Sunday, February 03, 2013

Morality not dependent on behavior being unpredictable

By Mathew Goldstein

In the monthly WASH bulletin there is another article on free will titled "Free will and Hell" written by he coordinator of the Baltimore chapter. As before, it describes Daniel Dennett's perspectives as he discussed them at John Hopkins University. I will spare the readers a discussion of every one of my disagreements and agreements with that article in detail. Instead I will briefly comment on the start of the third paragraph which follows:

"A concept of free will is necessary for morality because no individual can predict exactly what another will do. Many human actions are based on internal motivations or patterns of neurons that can't be observed. The actions appear random to anyone who doesn't know the person. The behavior is not free in the sense of being undetermined by physical causes, but it is free in the sense of being unpredictable by a casual observer."

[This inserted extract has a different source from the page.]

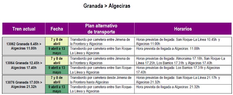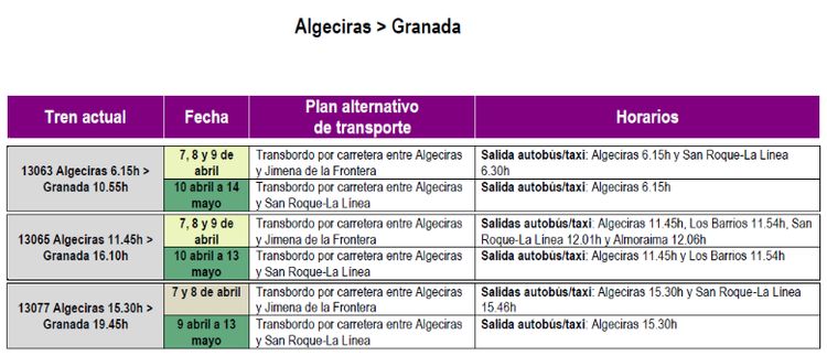 En los trenes de Media Distancia Granada-Algeciras, los transbordos por carretera se realizarán entre Jimena de la Frontera y Algeciras durante el primer fin de semana de abril -en ambos sentidos y también para las paradas intermedias. A partir del 9 de abril y hasta la finalización de los trabajos, prevista para el 14 mayo, los transbordos por carretera se realizarán entre Algeciras y San Roque.

We are free provided that we are not compelled to act according to someone else's dictate. This distinction between self-originating action and actions that are intended to comply with a behavioral demand of someone else is important. Even to the extent our behavior may be predictable it is still free provided it is an action that is self-selected. It is not true that we are free because our actions are not predictable.

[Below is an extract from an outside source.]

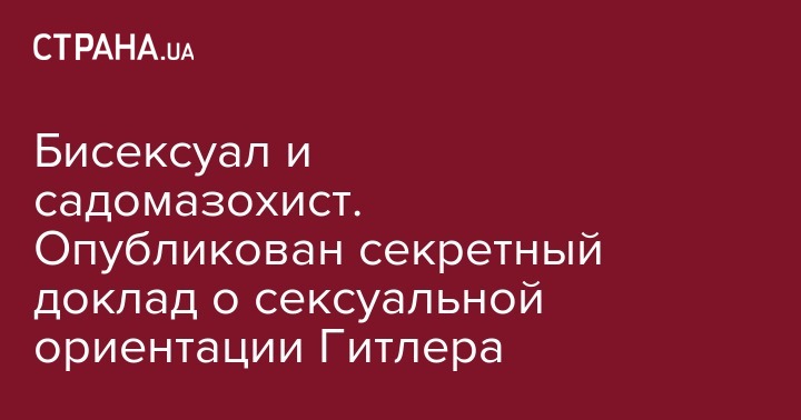 Фюрер нацистской Германии Адольф Гитлер имел садомазохистские наклонности, кроме того сочетал в себе гомосексуальную и гетеросексуальную ориентации. Об этом со ссылкой на Daily Star пишет ABC.

Anything that is complex can be difficult to predict, not necessarily because it isn't predictable in principle, but because we would need to know about many physical properties and interactions that would require technology that we don't have. Also, the process of measuring things on the small scale can disturb the activity that is being measured. Predictability tends to diminish with time, so even with future technology we may be able to predict a given behavioral choice only a second or less in advance. That future is almost here as neuroscientists have demonstrated that they can translate information obtained from monitoring neurons into behavioral predictions, albeit in restricted contexts and without complete accuracy. But even to the extent that we could reliably predict behaviors, those predicted behaviors would still be free behaviors.

I also disagree that behaviors being unpredictable equates with free will or that either is necessary for morality. Free will is about minds having agency that is free from materialistic cause and effect constraints. Morality is about actions or inactions that harm or constrain people and our environment. They are different concepts and morality is not dependent on behaviors being unpredictable.